Yesterday, I poured a whole bottle of stuff to clean the injectors into the gas tank. I started up the car, stepped on it, got on a freeway. I notice a slight improvement but the check engine light starts to flash every time I accelerate more aggressively. It rather can't be the wires/coils/plugs because they are pretty new. It could be a fuel pump tho. Thanks
 
Have you noticed if the problem seems worse when your low on gas? If so, you might want to further investigate the fuel pump. I had a similar problem with my csvt shortly after I bought it. Ford swapped out the fuel pump and that solved the problem. Having said that, I don't recall my CEL blinking so you might still have other problems. Good luck
 
flashing cel is a miss-fire. points right to the plugs/wires, etc.


did you check the gap before installing the new plugs? I don't care if they came pre-gapped they are most likely wrong and should always be checked.
 
Hmmm, maybe the guy that retapped the thread on the spark plug cylinder( or whatever you call it) did a bad job, but I checked the plug and it's sitting pretty tight. Ok, if I had a problem with the spark plugs wouldn't I get another code besides the 174 and 171?
 
Hmmm, maybe the guy that retapped the thread on the spark plug cylinder( or whatever you call it) did a bad job, but I checked the plug and it's sitting pretty tight. Ok, if I had a problem with the spark plugs wouldn't I get another code besides the 174 and 171?

type of plugs used can also be a pretty good point of concern, the duratec really should only get motorcraft or Autolite plugs. Also, I know someone who had a similar issue on his 97 (minus the stalling), he had done a UIM/LIM rebuild, afterwards had misfire issues, swaped the plugs, didnt change anything. Turned out he had yanked on one of the plug wires and messed it up, replacing the plug wires made it run like brand new.

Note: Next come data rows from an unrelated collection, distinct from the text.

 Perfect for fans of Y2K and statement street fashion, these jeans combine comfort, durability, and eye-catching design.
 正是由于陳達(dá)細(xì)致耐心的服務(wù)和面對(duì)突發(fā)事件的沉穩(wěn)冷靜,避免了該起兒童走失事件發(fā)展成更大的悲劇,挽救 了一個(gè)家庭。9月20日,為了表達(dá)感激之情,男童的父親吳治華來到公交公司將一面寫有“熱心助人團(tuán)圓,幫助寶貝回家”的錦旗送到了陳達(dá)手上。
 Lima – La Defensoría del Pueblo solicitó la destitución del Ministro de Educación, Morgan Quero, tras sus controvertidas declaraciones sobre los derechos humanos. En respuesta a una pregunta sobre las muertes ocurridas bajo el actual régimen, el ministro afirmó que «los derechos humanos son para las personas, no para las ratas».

Misfiring almost always points towards a spark plug or plug wire issue.
 
Yep flashing CEL is misfire. I'd pull ALL the plugs and check the gap then also check the resistance on all the wires - they should all be about the same resistance, but ofcourse the longer ones will have SLIGHTLY higher ressitance than those that are shorter. If all that checks out then next step is fuel filter and pump.
 
It rather can't be the wires/coils/plugs because they are pretty new.

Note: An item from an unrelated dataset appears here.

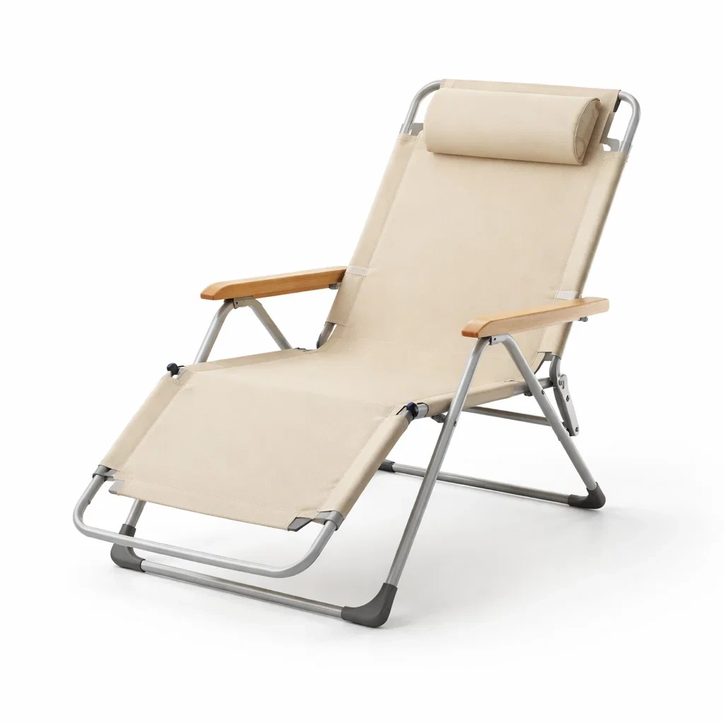 Sdraio pieghevole in legno e tessuto beige

Doesn't matter. If you had any spark arcing in the past, both the plug and wire on the cylinder(s) in question are most certainly bad. That's why you can't just do plugs this weekend and wires next weekend, because the week (or even DAY) of driving in between can easily destroy whatever you just installed. Everything should be fresh, to eliminate this potential problem.
 
test the coil

test the coil

How i can make a test to the coil pack?

The coil on the 2.5 is three individual coil basically. Remove the two plug wires that are on the same bank. Check and note the resistance, replace the wires and continue onto the second and third set. If one set has noticably lower / higher resitance your coil is shot. When replacing make sure the ground strap is replaced or other problems will crop up. Dan.